### Try it
Images excluded, return every record exactly as it reads.

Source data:
• • • •
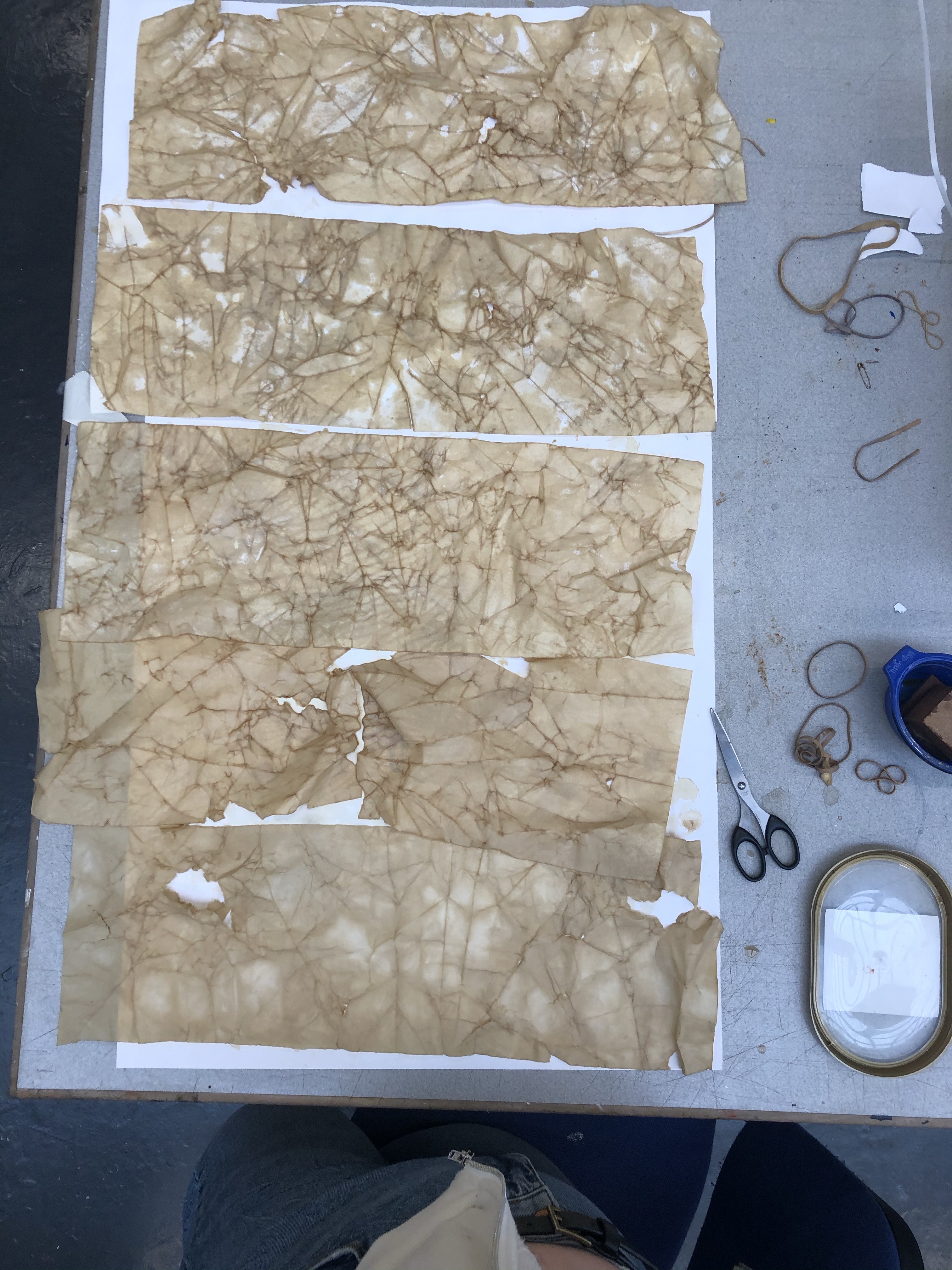 This week was my final week of experimenting. I spent my week dyeing different types of paper with coffee. The first type of paper was thick cartridge paper. The second type was 80 gsm drawing paper. I then also dyed a small piece of printing paper. They all had different out comes however I’m hoping to use the 80 gsm drawing paper as it’s in a roll and I need to create a rather long Japanese scroll.
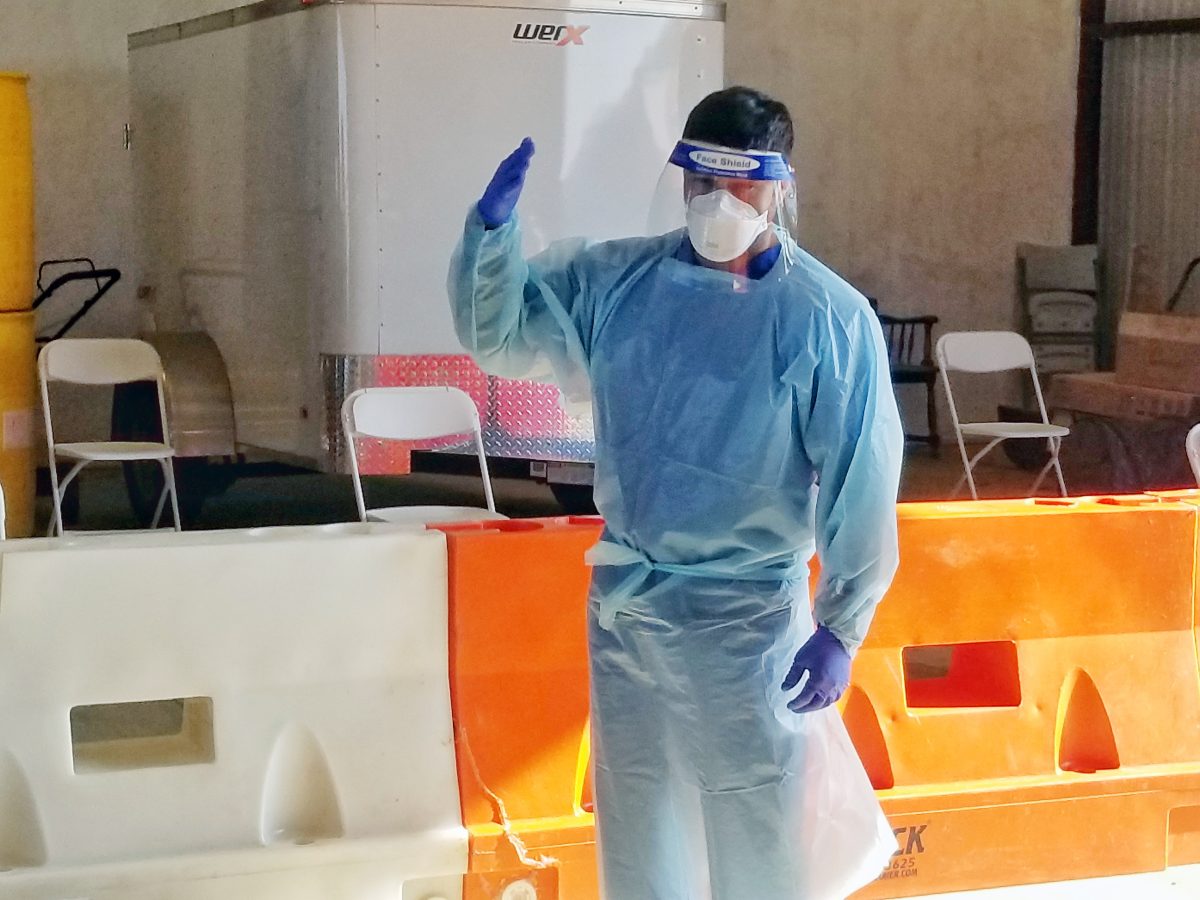 In the three hours after opening at 9 a.m., more than a hundred cars had rolled through the temporary testing site located inside one of the airport’s hangars as a team of medical professionals from AMI Expeditionary Healthcare administered nasal swabs to test for the coronavirus.
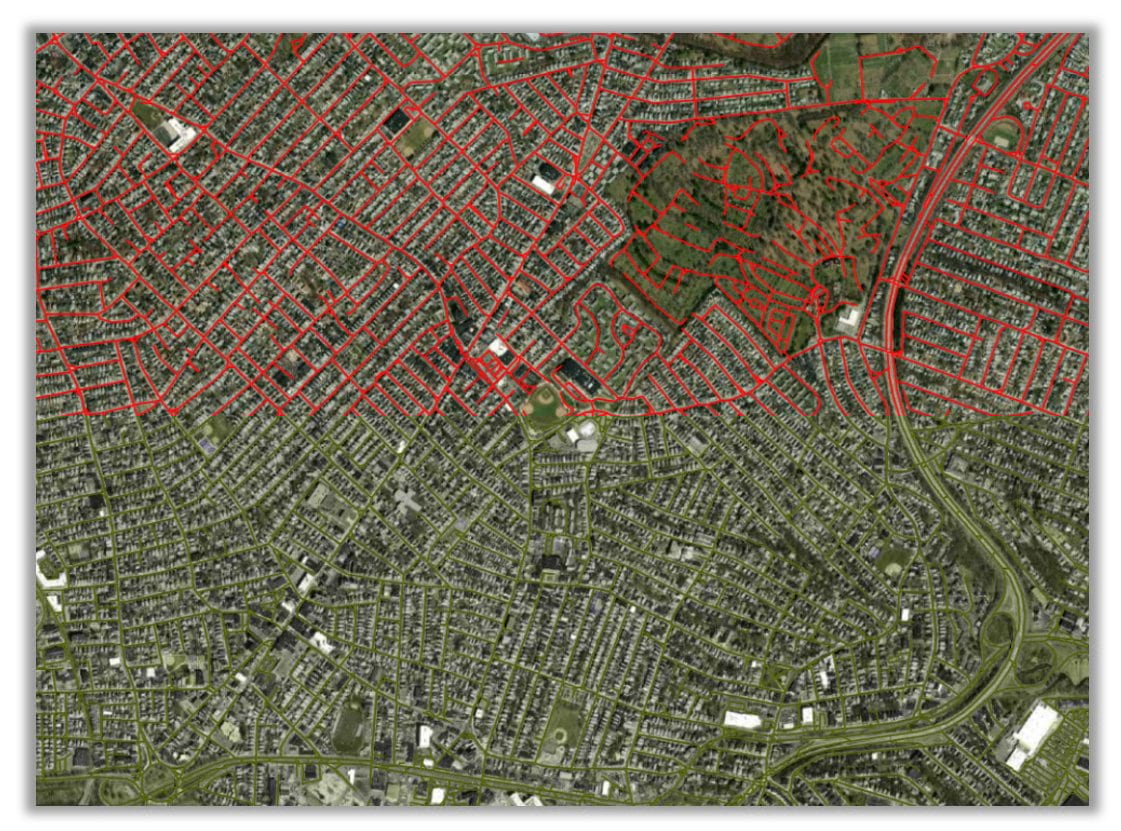 The new Road Extraction model is used to extract roads from satellite imagery. Roads are one of the primary GIS layers required by any county, city, state, or country governmental agency for infrastructure planning, urban planning, and developing an effective, efficient information model. Digitizing and updating roads can be time consuming. This model automates most of the digitizing process. It is based on the MultiTaskRoadExtractor in arcgis.learn model, which is a state-of-the-art model that provides connected road segments such as those shown in the following image:
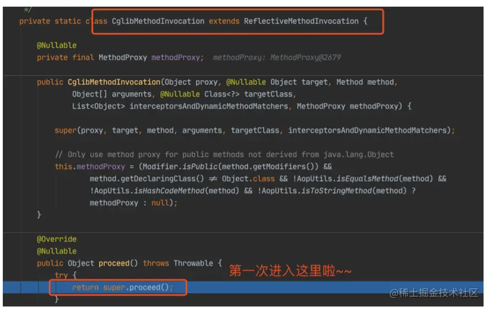 我们的主对象是 CglibMethodInvocation,继承于 ReflectiveMethodInvocation,然后 process() 的核⼼逻辑,其 实都在 ReflectiveMethodInvocation 中。
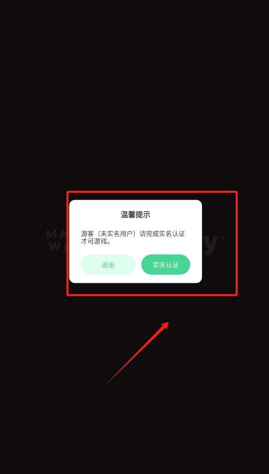 1、点击实名认证完成认证才能游戏,点退出可关闭提示框。
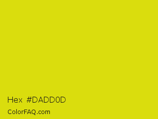 Hex #dadd0d Color is a normal yellow color and the nearest color is Piss Yellow #e1e115. Hex code #dadd0d and RGB value is rgb(218,221,13). In RGB color space, this color is composed of 85% red, 87% green, 5% blue, In CMYK color space, this color is composed of 1% cyan, 0% magenta, 94% yellow , 13% black , In HSL color space, this color has a hue angle of 61° , 89% saturation and 46% lightness.
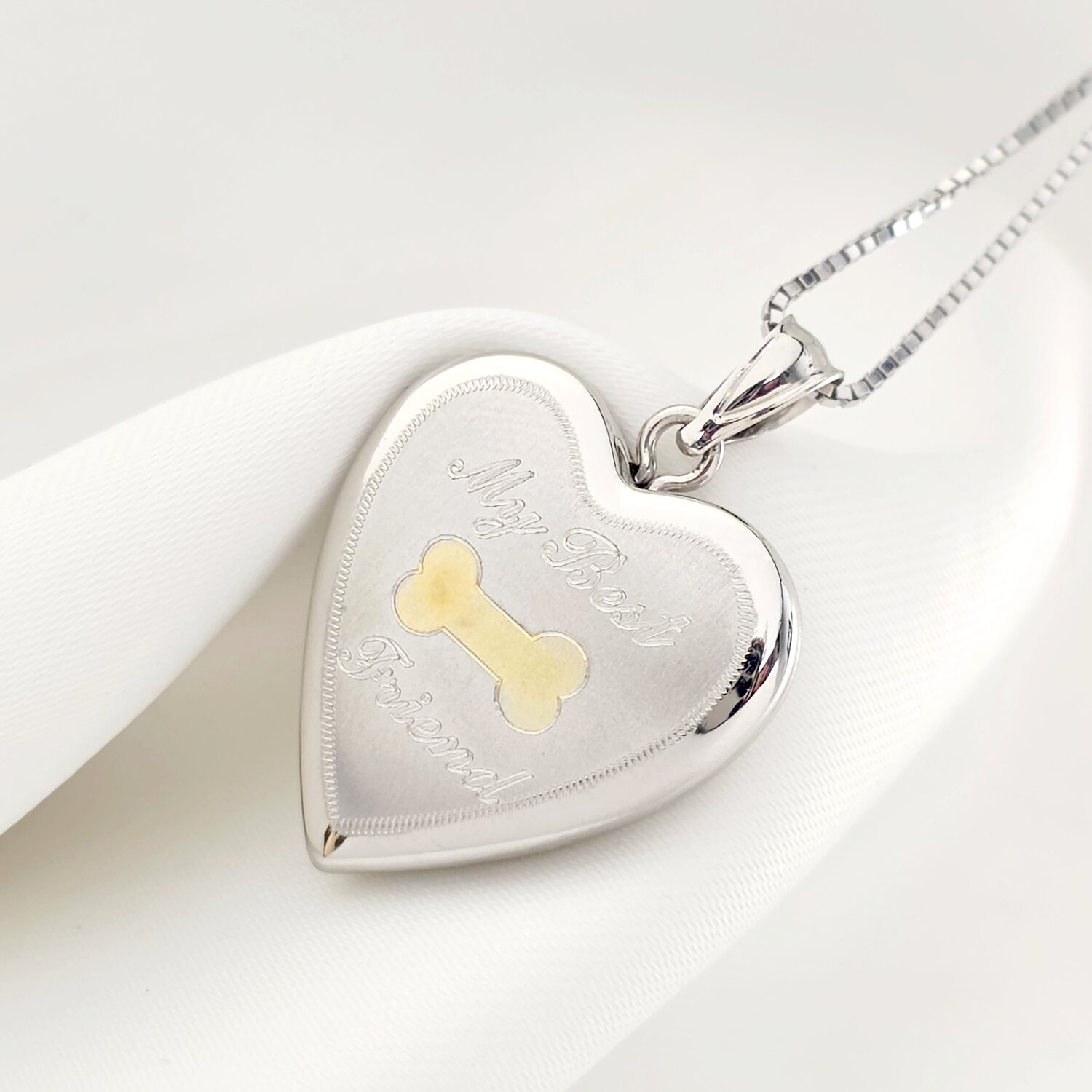 Medalion inima cu poze in interior - My best friend - Argint 925 rodiat & os placat cu Aur Galben 18K
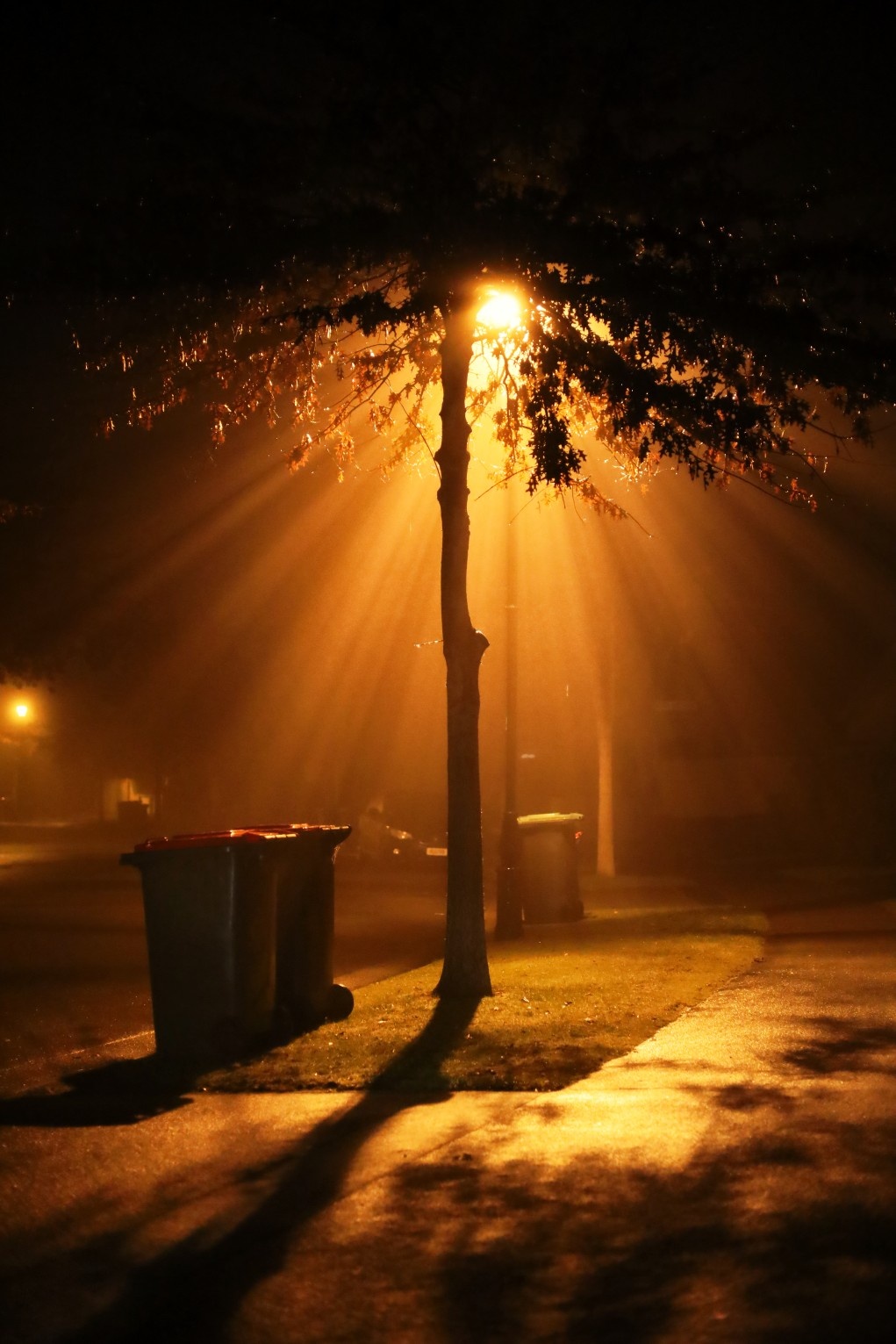 As I hit the road, the fog clouded in. The street lights glowing. Headlights pounding the road ahead.
• • • •
### Exercise response
 This week was my final week of experimenting. I spent my week dyeing different types of paper with coffee. The first type of paper was thick cartridge paper. The second type was 80 gsm drawing paper. I then also dyed a small piece of printing paper. They all had different out comes however I’m hoping to use the 80 gsm drawing paper as it’s in a roll and I need to create a rather long Japanese scroll.
 In the three hours after opening at 9 a.m., more than a hundred cars had rolled through the temporary testing site located inside one of the airport’s hangars as a team of medical professionals from AMI Expeditionary Healthcare administered nasal swabs to test for the coronavirus.
 The new Road Extraction model is used to extract roads from satellite imagery. Roads are one of the primary GIS layers required by any county, city, state, or country governmental agency for infrastructure planning, urban planning, and developing an effective, efficient information model. Digitizing and updating roads can be time consuming. This model automates most of the digitizing process. It is based on the MultiTaskRoadExtractor in arcgis.learn model, which is a state-of-the-art model that provides connected road segments such as those shown in the following image:
 我们的主对象是 CglibMethodInvocation,继承于 ReflectiveMethodInvocation,然后 process() 的核⼼逻辑,其 实都在 ReflectiveMethodInvocation 中。
 1、点击实名认证完成认证才能游戏,点退出可关闭提示框。
 Hex #dadd0d Color is a normal yellow color and the nearest color is Piss Yellow #e1e115. Hex code #dadd0d and RGB value is rgb(218,221,13). In RGB color space, this color is composed of 85% red, 87% green, 5% blue, In CMYK color space, this color is composed of 1% cyan, 0% magenta, 94% yellow , 13% black , In HSL color space, this color has a hue angle of 61° , 89% saturation and 46% lightness.
 Medalion inima cu poze in interior - My best friend - Argint 925 rodiat & os placat cu Aur Galben 18K
 As I hit the road, the fog clouded in. The street lights glowing. Headlights pounding the road ahead.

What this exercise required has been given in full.